Recorro estas calles que deberían estar desiertas como el resto de la ciudad. Pero claro aquí no hay computadoras, ni play, ni comida en la heladera, ni alcohol en gel. Aquí hay solo pobreza y desasosiego.
Miro sus rostros y muchos, podría decir todos, no han llevado, ni llevan una vida feliz. Las necesidades, las torturas, las tristezas de su infancia, fueron dejando marcas en sus rostros. Expresiones de injusticia que no se borran con el tiempo.
Venden lo que pueden o consiguen, cuentan sus monedas para definir que van a cenar y si alcanza.
Luchan contra la falta de agua, la ignorancia de su existencia, y el sello de “villero “puesto en su frente.
Que podemos decirles de protocolos de aislamiento, si su familia, no son solo esas siete personas que viven junto a ellos, su familia es la villa.

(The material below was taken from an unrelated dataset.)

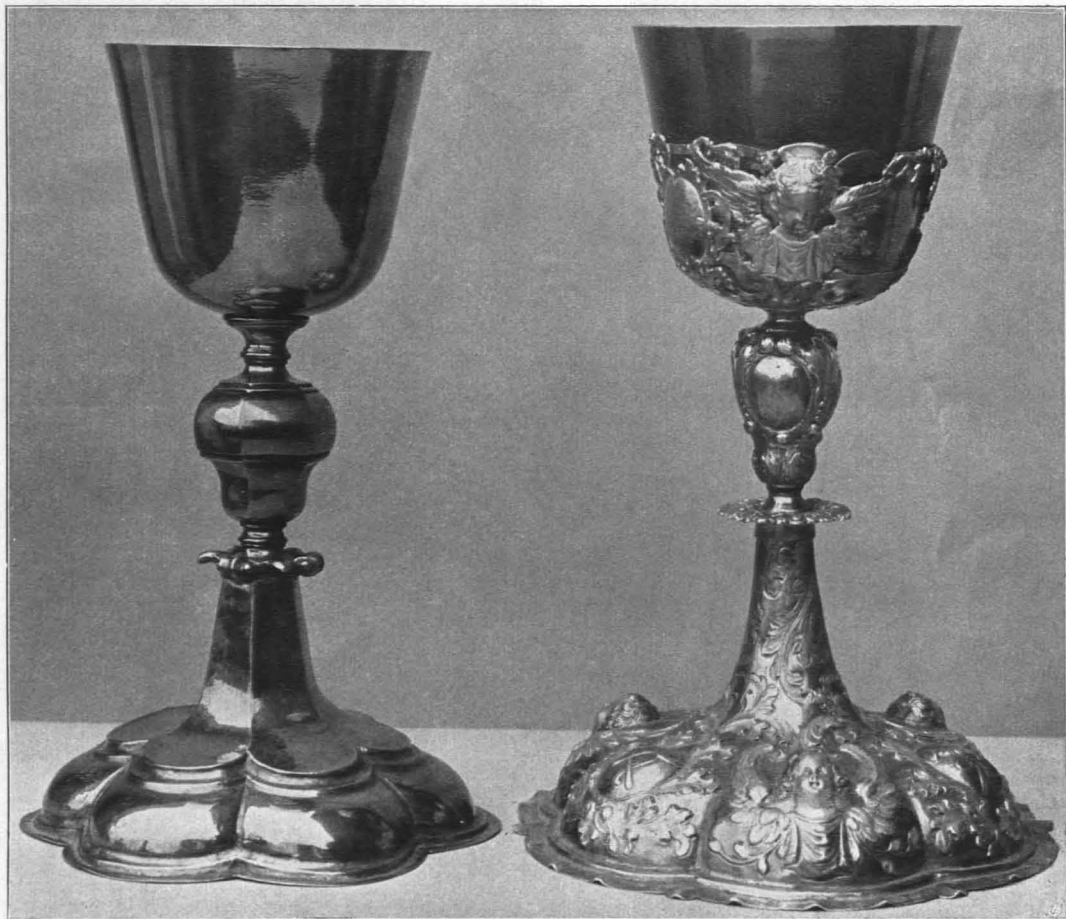
a Fig. 458 Lamprechtshausen, Pfarrkirche, Kelche. b

a Vielleicht von G. Lotter in Augsburg, um 1650. b Von G R, um 1680 (S. 470)

Su casa un montón de metros cuadrados que comparten entre la soledad y desasosiego.
Esos hombres y mujeres están hechos de sacrificios, de piedras en el camino, de aprovechamientos del poderoso, de bajar la cabeza o levantarla con orgullo enfrentando la desidia.
La cuarentena en la villa es distinta al resto de la ciudad. Los abuelos y los niños conviven, salen a las calles. Y mueren irremediablemente por que el resto de la sociedad no quiere mirar hacia ese lugar, el resto de la sociedad los quita de su mente y su corazón para no ver una triste realidad de nuestro mundo.